В родной избе отец бывал все реже, подрабатывал в соседних селах, темнел лицом от водки, а когда накатывала блажь и тоска по Евдокии, являлся, уверенный, что простит и пустит. Пускала, но уже без радости: и ссоры бывали, и темные быстрые кулаки Евдокии, колотящие в грудь отца, и его охальный смех, как при чужой бабе. Потом и так повелось: мать выставит на стол что есть в доме, прихватит коромысло и ведра, будто по воду надо, бросит все у крыльца, сорвется на ферму — с рассвета ее ведь ждут тугие коровьи соски, и немало сосков, успеешь при них и выплакаться и просохнуть. Обиженный отец уснет один на семейной кровати, а Зинка стирает ему, пока тот спит, и сушит, и наглаживает, чтобы папка был в чистом, чтобы утром снова нравился всем. По разумению Сережи и мать и отец были старые, а Зинке старой виделась только мать: в трудах она сравнялась с бабами постарше и копошилась в безвозрастном бабьем навале; отец молодой, не зря даже девушки засматриваются на него. А отец был на пять лет старше Евдокии, и в беспутном его сердце не все заглохло, и совесть его не вся вышла с похмельем; он и года не продержался в селе. Пришла осень сорок шестого, трудная еще, голодная, зарядили тоскливые ранние дожди, затосковал и он, раздобыл где-то денег, привел двухгодовалую Ласточку и сорвался надолго, навсегда. Сергей и Зина увидели отца в гробу, когда мать привезла его со станции с диковинным именем Арысь.
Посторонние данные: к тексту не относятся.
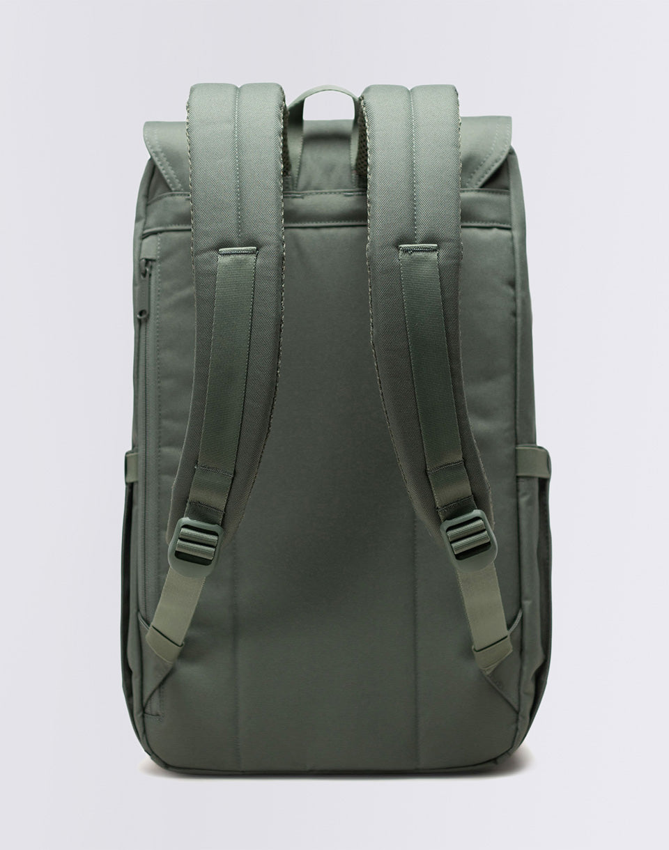 The Herschel Supply Retreat - Un petit sac à dos urbain à base de matériaux recyclés Ecosystem ™ à partir de bouteilles d'animaux de compagnie recyclées 100% qui offrent une manche en toison rembourrée pour un ordinateur portable de 15 "/ 16" en plus d'un design propre.
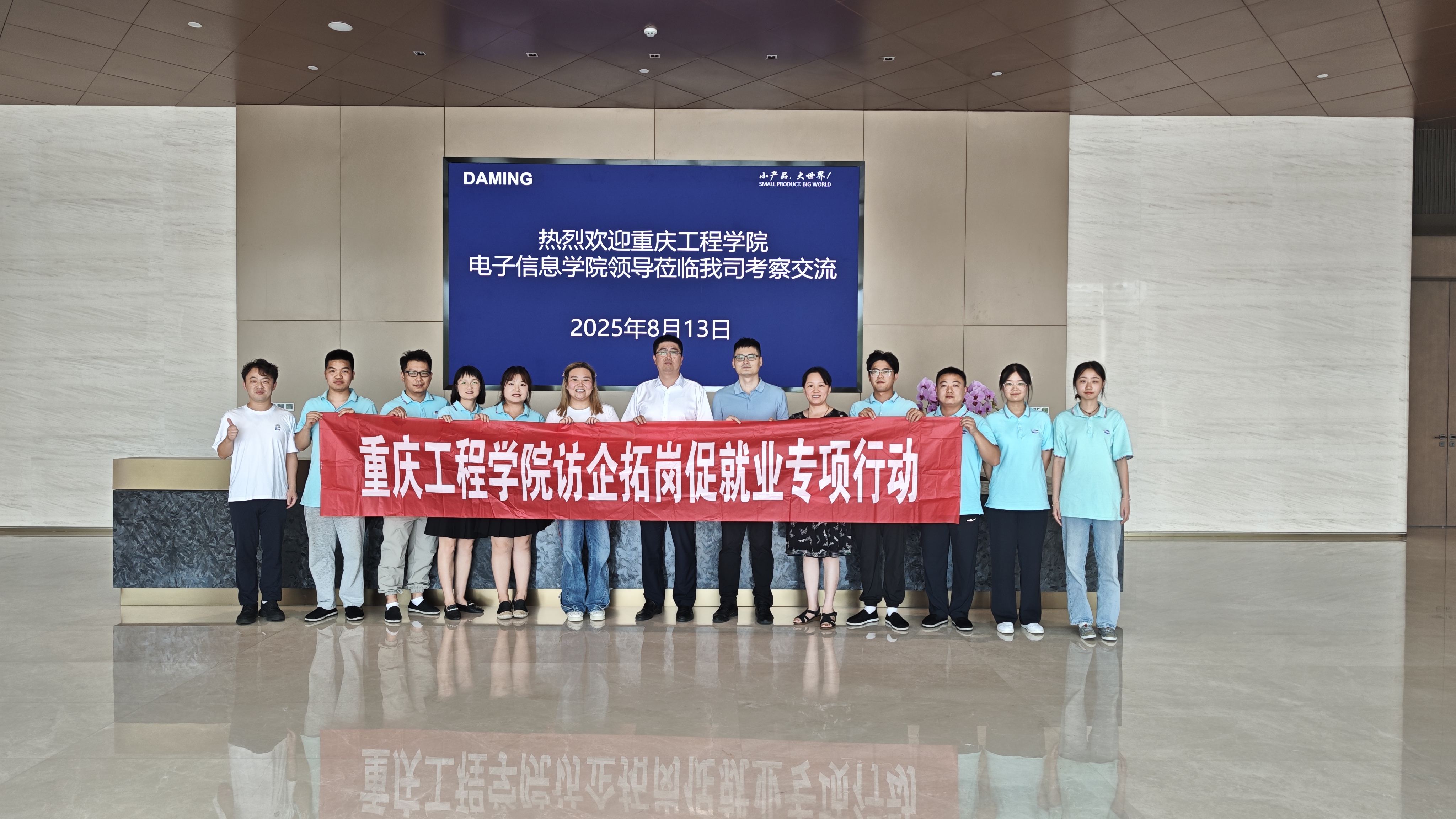 8 月 13 日下午,电子信息学院党总支书记谭思宇带队,携院长助理张仁永、就业科卢瑛及陈军老师等一行 4 人,前往大明电子(重庆)有限公司开展走访交流活动。

Село дивилось тогда, как Евдокия после телеграммы мигом собралась, будто была готова и всегда ждала беды, как, бесслезная, черная лицом, полетела в Казахстан, и не дала схоронить его там в мерзлой степной земле, а привезла домой — добилась, все превозмогла, и помогал ей в том однополчанин мужа, рябой, незавидный мужичишка.
Этого даже Зинка не повернула против матери, — недоброе пришло на ум позднее, когда рябой прислал письмо Евдокии, и Зина своей волей пресекла и письма и чужую тоску. Зина тогда уже переехала в Марусину избу и наказала почтовым девочкам все домашние письма передавать ей.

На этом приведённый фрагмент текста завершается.